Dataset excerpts
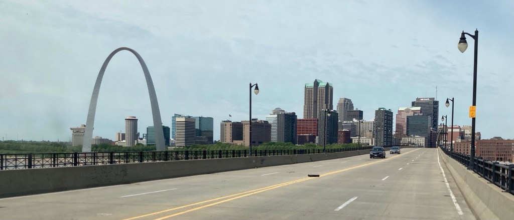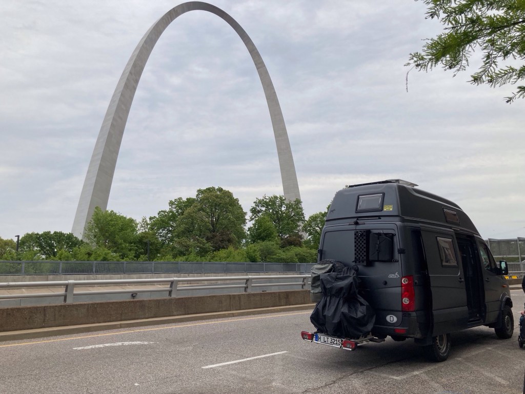 Unser nächstes Ziel ist Saint Louis, dazu überqueren wir den Mississippi und sind nun bereits in Missouri, dem zweiten Staat nach Indiana in dem die Central Time gilt. Also 7 Stunden Zeitversatz gegenüber Deutschland.
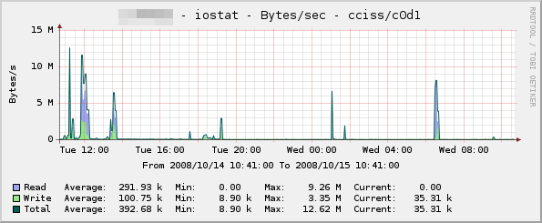 Update : Thanks to a patch from Viktor Sokolov, the iostat.pl script should now work with older sysstat versions, including the one that shipped with Debian Etch. I tried to update my original post over on the Cacti forums, but kept getting hit with a wonderful error message ("Mistake! Your message is sent to hell. Try still times who knows - can it will turn out?")
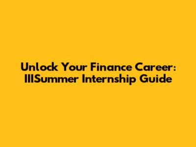 Unlock Your Finance Career: IIISummer Internship Guide
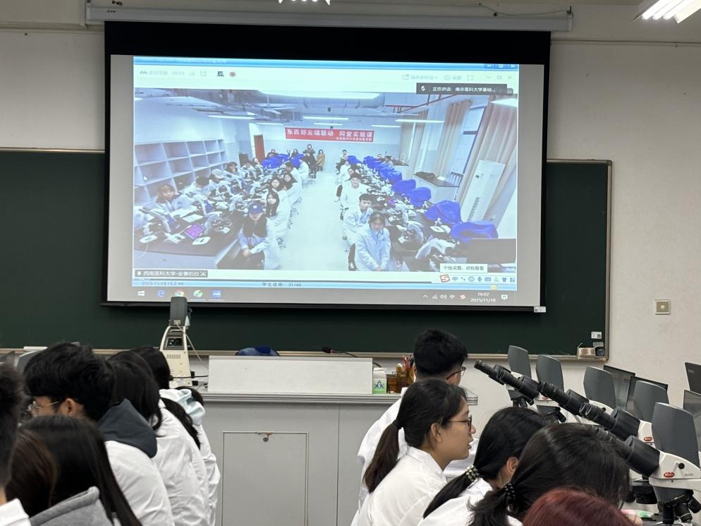 本次实验课是推动优质教育资源跨地域共享的一次创新实践。课堂上,东西部学子虽相隔千里,却在“云端”同步进行显微镜下观察组织学切片,并借助先进的虚拟仿真实验项目和网络平台,共享并深化了对生殖系统相关知识的理解与掌握,实现了融合东西部教育资源的理论与实践的完美结合。
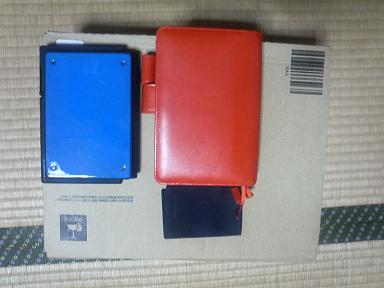 内容はやたらとたくさんあるレターセットと面白ハガキ(変形サイズってやつね)と、便箋がメイン。 クリアファイルと、ノートやバッグに貼り付けて使うクリアケース数枚。 一番重かったのはこれかと思える、水鉢つきのフローティングアロマキャンドル。 立派な箱に入っていたものは三つあって。 一つはやたらと仰々しい蒔絵柄のボールペン……使ってたら間違いなく剥げるな……。 一つは、案の定、ダヴィンチの皮(本皮)のシステム手帳。バイブルサイズ。これは入れて来ると思ってた……使う予定が皆無なところも含めて、今後が悩みどころの一品。 最後の一つが、最大の悩みどころ。ミニ6穴のシステム手帳。本皮製。 でも、びっくりすることに、この品が値段タグのついていた製品の中では一番高い。9800円。
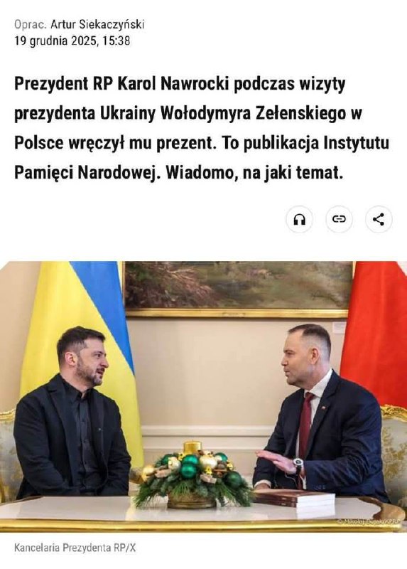 Сам факт передачі саме цього видання, саме у такому форматі і саме публічно виглядав як ретельно зрежисована політична сцена. Це не дипломатія, а демонстративне моралізаторство з позиції зверхності. Ці два томи були підготовлені та видані IPN у 2023 році — у період, коли Навроцький особисто очолював цю інституцію і формував її жорстку, конфронтаційну лінію щодо українського історичного наративу. Тобто він подарував Зеленському не просто книжки, а продукт власної ідеологічної діяльності, власного бачення історії, у якому українська сторона апріорі поставлена в роль обвинуваченого.
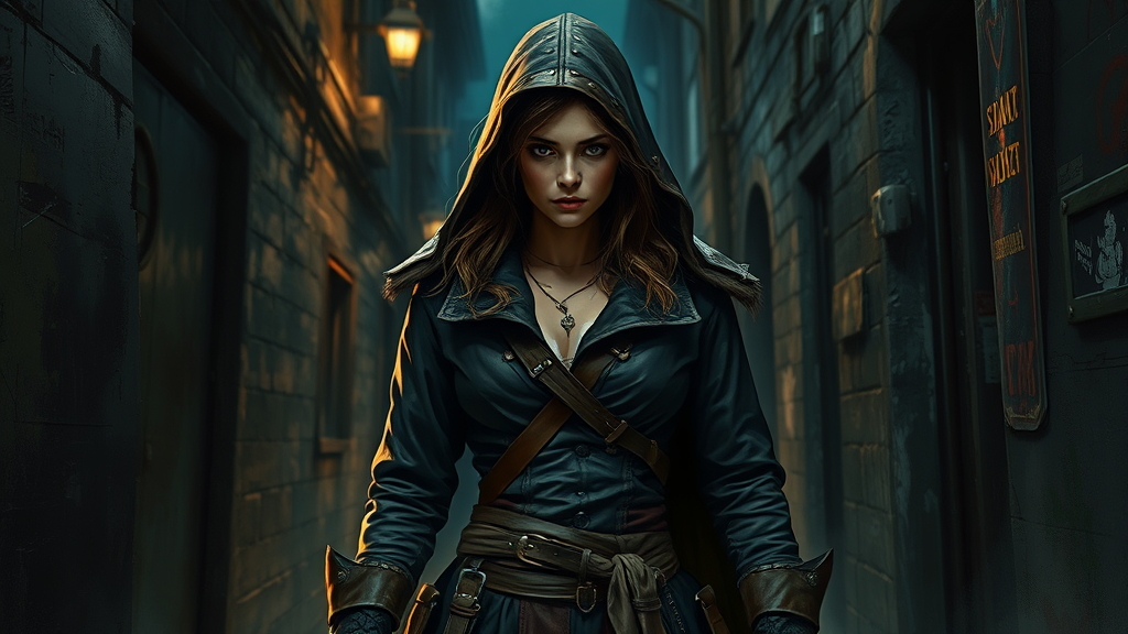 A full-body painting of a striking medieval female thief, rugged and determined, stands amidst a dark, filthy alley at night. Her tattered coat reflects her gritty environment, a stark contrast to her fierce expression. The scene is beautifully rendered in a professional majestic oil painting style, inspired by masters like Ed Blinkey, Atey Ghailan, Jeremy Mann, Greg Manchess, and Antonio Moro, reminiscent of Studio Ghibli's charm. The artwork, trending on ArtStation and CGSociety, showcases intricate details and sharp focus, creating a dramatic, photorealistic effect. Subtle, creative elements add depth, blending influences from midjourney and Greg Rutkowski, alongside a cartoonish touch. It's a vivid fusion of traditional and digital artistry, capturing the raw essence of its subject amidst a complex, immersive background.
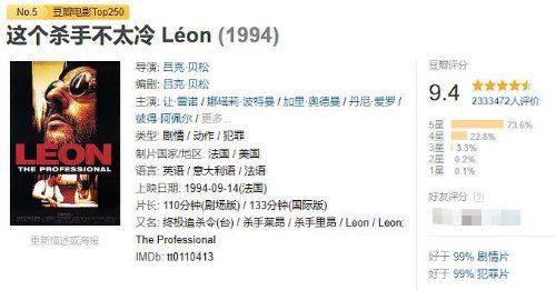 罪案剧情片《这个杀手不太冷》于1994年推出,讲述独来独往的杀手里昂与邻居小女孩玛蒂尔达的故事。本片目前豆瓣9.4分,有超过233万名用户打分,位列豆瓣TOP250榜单第5名。
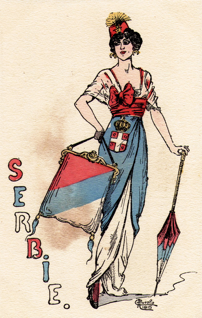 Надпись на попах слева направо: "Сербия,Россия,Франция, Бельгия,Англия"
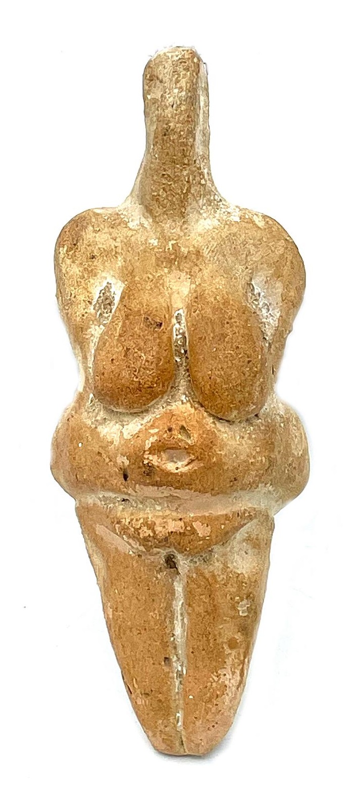Figura femminile stilizzata di dea madre, con testa ridotta ad un'appendice, enormi seni, braccia che li sostengono stilizzate solo come due incisioni; ampio ventre e natiche prominenti, pube triangolare e arti inferiori ridotti indicati solo da un'incisione
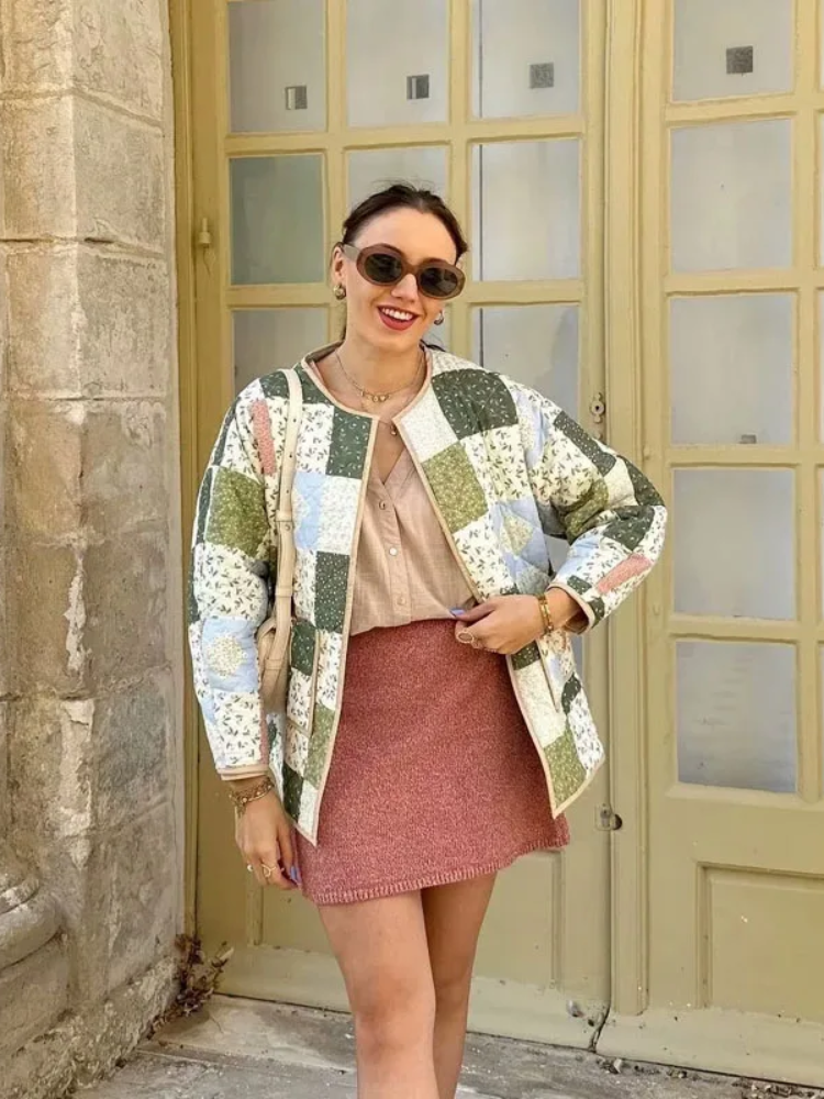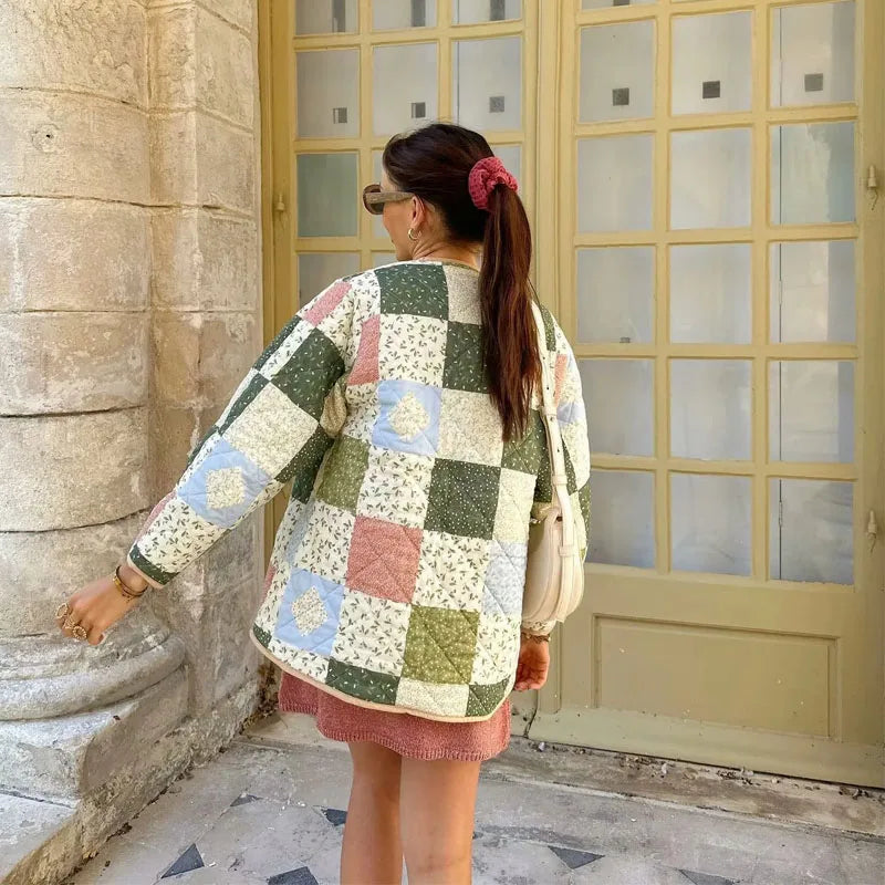 Ajoutez une touche d'élégance à votre garde-robe avec la veste matelassée Abeliana. Cette veste ouverte sur le devant est ornée d'un motif floral patchwork bleu et vert vif et présente une coupe décontractée avec des manches larges. Les couleurs vives et l'imprimé unique apportent une touche bohème à votre look.
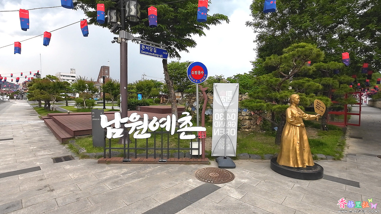 남원예촌이란 글이 보이고 춘향의 석상이 보인다.
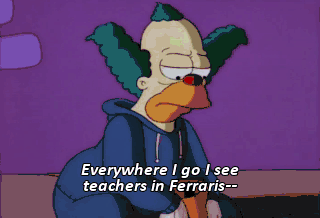 Everywhere I go I see teachers in Ferraris-- research scientists drinking champagne. I tried to drink a Coke on the bus, and they took away my pass. That's no life for a famous clown.
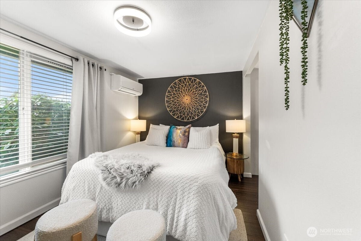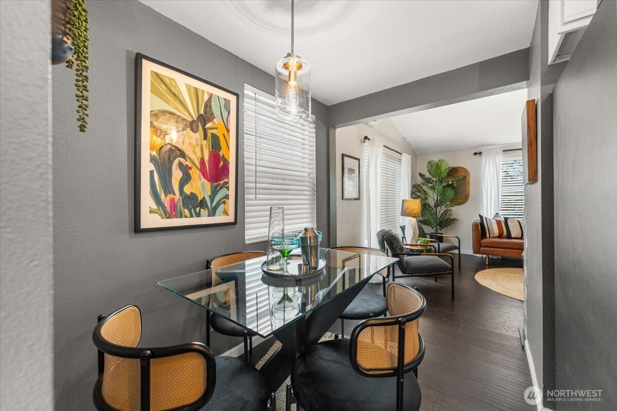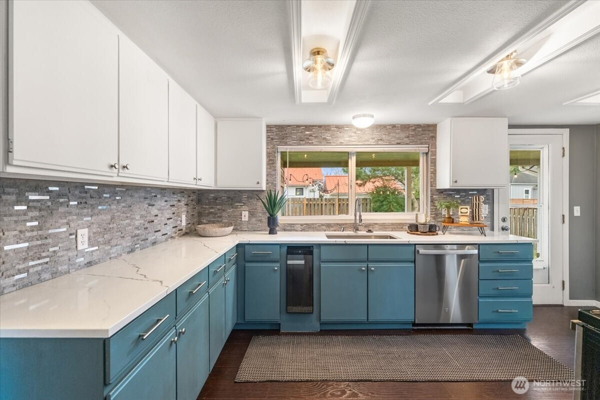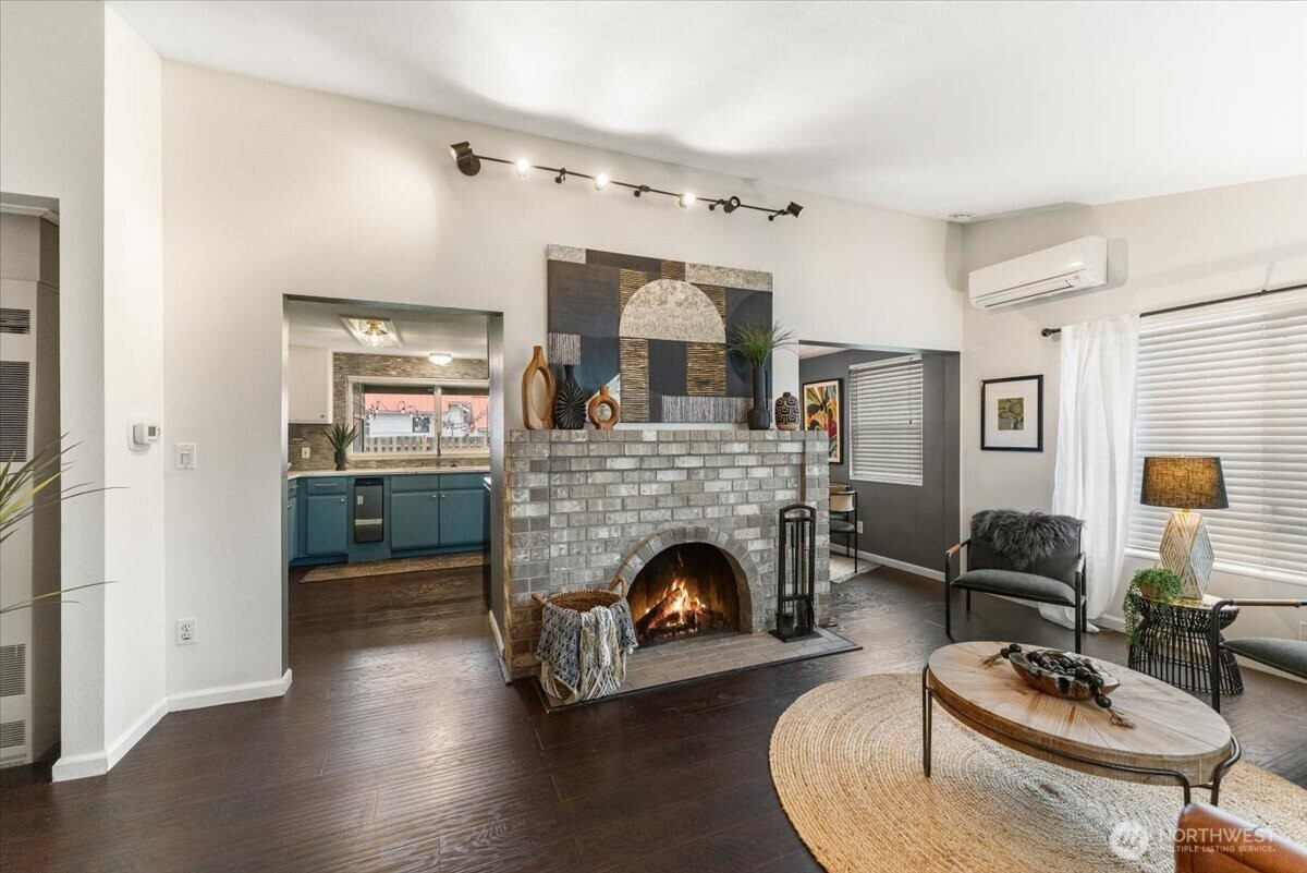 Welcome to this beautifully updated bungalow in the heart of downtown Enumclaw, offering 920 sq ft of thoughtfully designed living space with 2 bedrooms and 1 bath. This light-filled home features vaulted ceilings, durable LVP flooring, and a cozy wood-burning fireplace that creates a warm and inviting atmosphere. The updated kitchen shines with new quartz countertops, a stylish stacked stone backsplash, stainless steel appliances, and a generous pantry for added storage. Comfort is ensured year-round with new mini splits, and the large utility room includes a front-loading washer and dryer on a pedestal for added convenience. Step outside to enjoy the charming front porch and private back patio overlooking the level 7,000 sq ft fenced lot. The backyard is perfect for entertaining or relaxing, complete with festive string lights, raised garden beds, an attached storage closet, and a large shed for all your tools and hobbies. Convenient rear parking plus ample street parking adds to the functionality. The true highlight of this home is its unbeatable walkability to vibrant downtown Enumclaw, where local shops, dining, markets, and year-round community events create an energetic and welcoming small-town feel. This move-in ready home blends charm, modern updates, and an exceptional location all in one.

• ASSIGNMENT:
Set the pictures aside and transcribe exactly the stretch of lines above, beginning with the one holding "Unlock Your Finance" and ending with the one holding "Надпись на попах".

• RESPONSE BOX:
 Unlock Your Finance Career: IIISummer Internship Guide
 本次实验课是推动优质教育资源跨地域共享的一次创新实践。课堂上,东西部学子虽相隔千里,却在“云端”同步进行显微镜下观察组织学切片,并借助先进的虚拟仿真实验项目和网络平台,共享并深化了对生殖系统相关知识的理解与掌握,实现了融合东西部教育资源的理论与实践的完美结合。
 内容はやたらとたくさんあるレターセットと面白ハガキ(変形サイズってやつね)と、便箋がメイン。 クリアファイルと、ノートやバッグに貼り付けて使うクリアケース数枚。 一番重かったのはこれかと思える、水鉢つきのフローティングアロマキャンドル。 立派な箱に入っていたものは三つあって。 一つはやたらと仰々しい蒔絵柄のボールペン……使ってたら間違いなく剥げるな……。 一つは、案の定、ダヴィンチの皮(本皮)のシステム手帳。バイブルサイズ。これは入れて来ると思ってた……使う予定が皆無なところも含めて、今後が悩みどころの一品。 最後の一つが、最大の悩みどころ。ミニ6穴のシステム手帳。本皮製。 でも、びっくりすることに、この品が値段タグのついていた製品の中では一番高い。9800円。
 Сам факт передачі саме цього видання, саме у такому форматі і саме публічно виглядав як ретельно зрежисована політична сцена. Це не дипломатія, а демонстративне моралізаторство з позиції зверхності. Ці два томи були підготовлені та видані IPN у 2023 році — у період, коли Навроцький особисто очолював цю інституцію і формував її жорстку, конфронтаційну лінію щодо українського історичного наративу. Тобто він подарував Зеленському не просто книжки, а продукт власної ідеологічної діяльності, власного бачення історії, у якому українська сторона апріорі поставлена в роль обвинуваченого.
 A full-body painting of a striking medieval female thief, rugged and determined, stands amidst a dark, filthy alley at night. Her tattered coat reflects her gritty environment, a stark contrast to her fierce expression. The scene is beautifully rendered in a professional majestic oil painting style, inspired by masters like Ed Blinkey, Atey Ghailan, Jeremy Mann, Greg Manchess, and Antonio Moro, reminiscent of Studio Ghibli's charm. The artwork, trending on ArtStation and CGSociety, showcases intricate details and sharp focus, creating a dramatic, photorealistic effect. Subtle, creative elements add depth, blending influences from midjourney and Greg Rutkowski, alongside a cartoonish touch. It's a vivid fusion of traditional and digital artistry, capturing the raw essence of its subject amidst a complex, immersive background.
 罪案剧情片《这个杀手不太冷》于1994年推出,讲述独来独往的杀手里昂与邻居小女孩玛蒂尔达的故事。本片目前豆瓣9.4分,有超过233万名用户打分,位列豆瓣TOP250榜单第5名。
 Надпись на попах слева направо: "Сербия,Россия,Франция, Бельгия,Англия"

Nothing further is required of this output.